In my readings the other day, I came across this item about a Texas man drilling for oil in Israel based on an obviously misinterpreted Bible verse. Apparently he is sincere in this belief, but what gets me is the fact that his story even made it to the wire services. At its heart, the story is about a most likely unsuccessful business venture in a historic place, which by itself merits nary a mention. What makes it news is his biblical inspiration and the sincerity behind it. Reuters seems to be holding the guy up for ridicule, as if to say, “Look at this nut! What a whack-job.” If not, that was certainly my impression after reading it. But then again, the guy is a whack-job.

Anyone who knows me well, knows I like to rip on Republicans. To me, the organized official Republican party is a joke, one that's sometimes not funny but nearly always laughable. The sad thing is that most rank and file everyday American Republicans don't seem to get the joke. This is the party of limited government who rushed a midnight bill through Congress regarding Terri Schiavo, presumably to get bragging rights and a few headlines. These same people constantly moan about “activist judges” and now they are complaining that the judges weren’t activist enough! That’s comedy!

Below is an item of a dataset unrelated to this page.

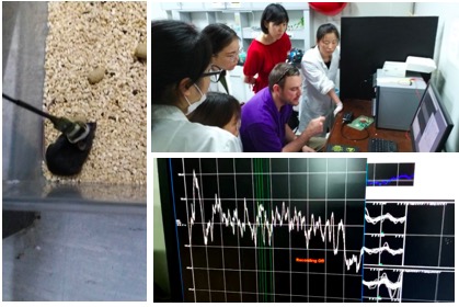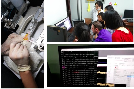 此次拜訪中的新鄉(xiāng)醫(yī)學(xué)院是國內(nèi)電生理領(lǐng)域的后起之秀,他們有著精湛的膜片鉗技術(shù),同樣也緊握時代的前沿,大力發(fā)展在體多通道電生理技術(shù)。在體多通道電生理技術(shù)對于同學(xué)們是一個全新的領(lǐng)域,但在東樂自然基因公司的技術(shù)人員的指導(dǎo)下,同學(xué)們親自操刀,對實(shí)驗(yàn)動物進(jìn)行了固定、備皮和開顱并順利的把多通道電極(MWA)下降到大鼠海馬(Hippocampus)腦區(qū),并記錄到了3個通道的峰電位放電(Spikes)和16個通道的場電位(LFP)。Neuralynx產(chǎn)品工程師Tate對同學(xué)們進(jìn)行了專業(yè)的培訓(xùn),大家對實(shí)驗(yàn)技術(shù)更加有信心,對儀器的使用更加熟練。在實(shí)驗(yàn)中,Nueralynx展現(xiàn)出了極低的噪音和極高的穩(wěn)定性,界面簡單易懂,功能強(qiáng)大,得到了老師和同學(xué)的喜愛。相信在未來的日子里,新鄉(xiāng)醫(yī)學(xué)院的老師和同學(xué)們會好好利用Neuralynx在體多通道記錄系統(tǒng),在神經(jīng)科學(xué)領(lǐng)域取得更好的成就。
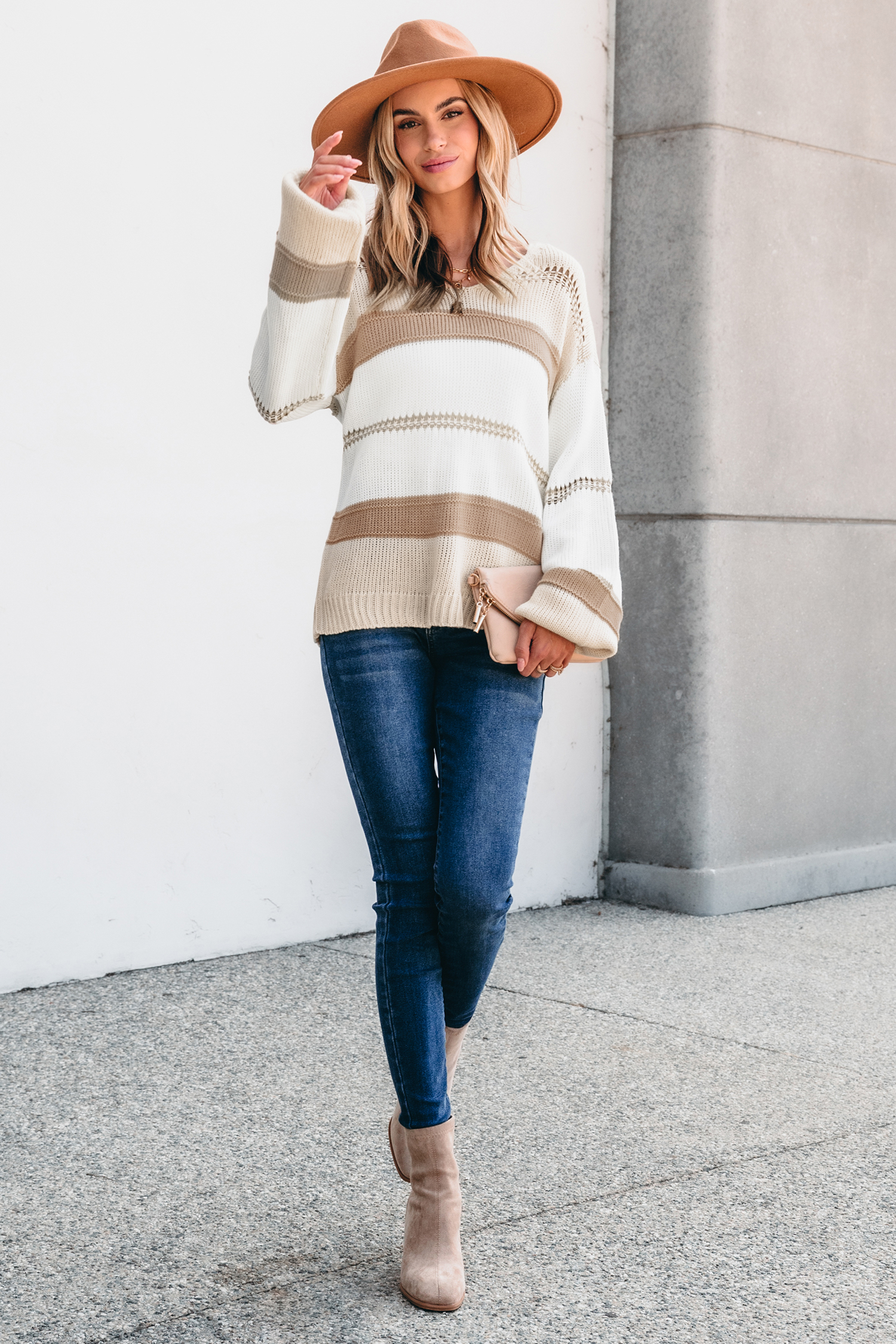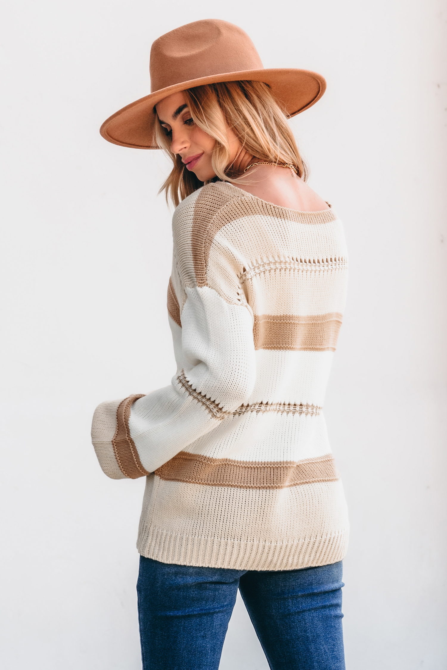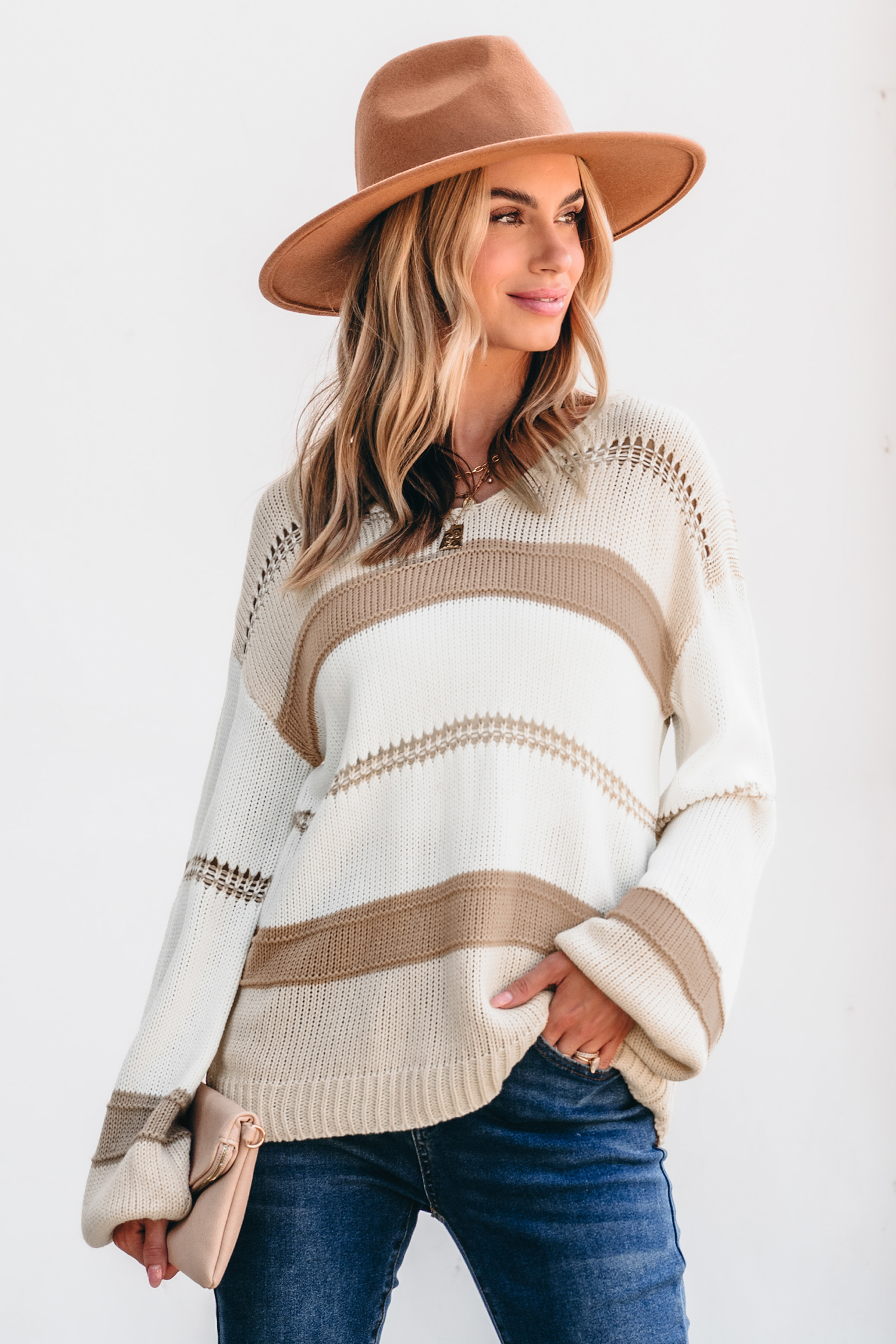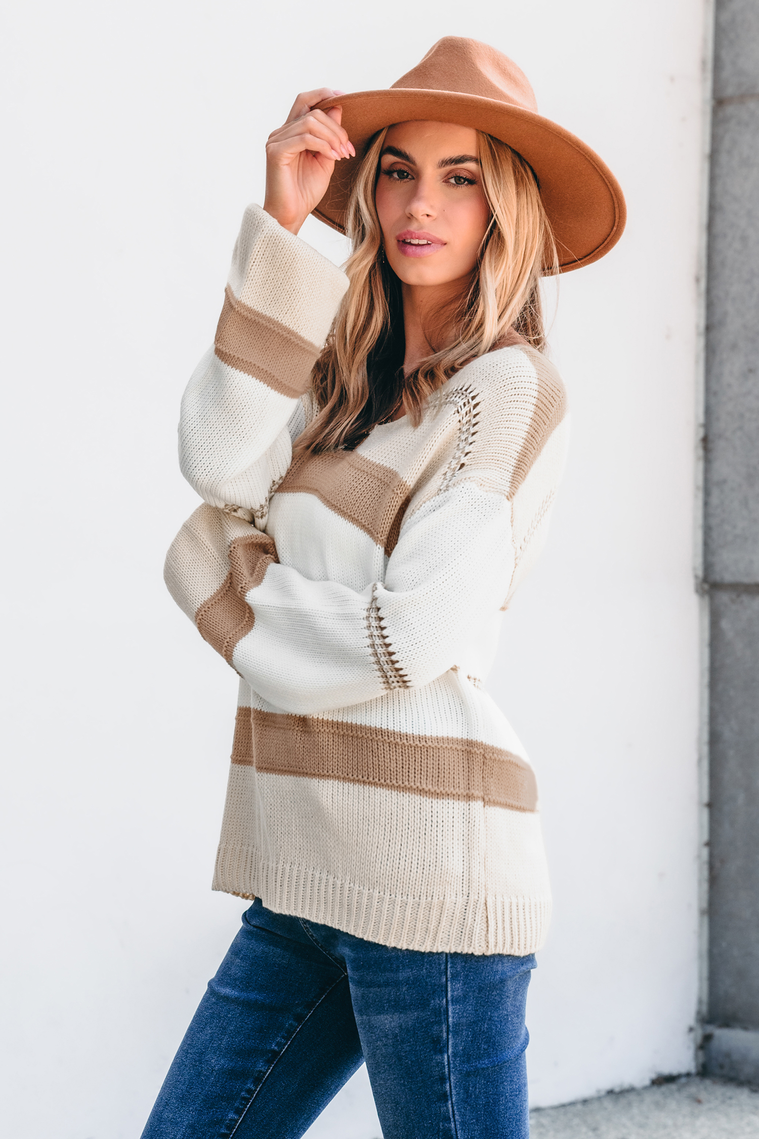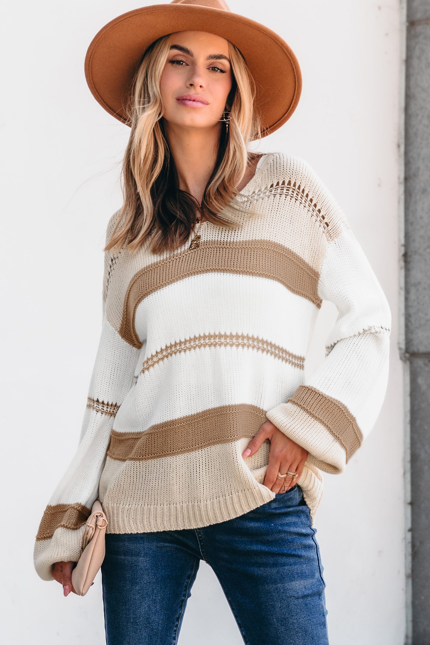 Pull à manches longues et blocs de couleur neutre

And so is this. I always wondered what politicians did during the weekday. Apparently they sleaze their way into your doctor’s pockets.

And that’s not it. What about Tom “The Hammer” DeLay? Mired in ethical problems – ouch! - can he remain the majority leader without causing at least some damage to his party? I doubt it.

So enough politics, let’s talk religion. Psych!

I want to talk about something more personal. Something that has been weighing on my mind heavier than all this silliness with the Republicans. A few days ago, as mentioned in a previous post, was my ex-girlfriend’s birthday. We’ll call her Krs. To put it quite simply, Krs was my first love, and though we split up going on five years now, we have remained friendly and keep in touch from time to time through e-mail. Feeling nostalgic or something, I sent her an e-mail wishing her a happy birthday. I think the exact wording was “Hey there. Happy Birthday!” Short, sweet, and completely out of character. She replied back with a thanks and a how have you been. That’s when I got wordy. I gave her the basic update, probably boring the shit out of her, then moved onto more uncomfortable territory. A few weeks ago, I heard rumors that Krs may have had a baby, so I ended the e-mail asking her about it. In her reply e-mail, she confirmed the rumor. She was now the proud mother of a presumably beautiful daughter (pictures are on the way). According to Krs, her daughter is the best thing that has ever happened to her, and I could certainly understand the feelings. Sometimes I think Krs was the best that ever happened to me. And here’s one on the many reasons why. Krs, ever the sensitive soul, asked if it was weird for me that she had a baby. I think she may have intuited that it would be. She was always good at that. And it is weird for me. She was my first love, and in my case the cliché is true. There is still a piece of her in me. And I hope, at least I feel like there is, some piece of me in her. And here I am, some lonely guy, a sink full of dirty dishes, and no one to come home to but two stinky dogs who shit on the floor. Krs has a daughter, a family, someone to look out for and someone to look out for her. That’s the kind of thing you can’t buy with a million bucks. That’s the kind of thing I don’t have. And the weird feeling I have? It’s part envy, part sadness. I think Robert Evans said it best when he described how it felt when Ali McGraw left him for Steve McQueen. I feel small.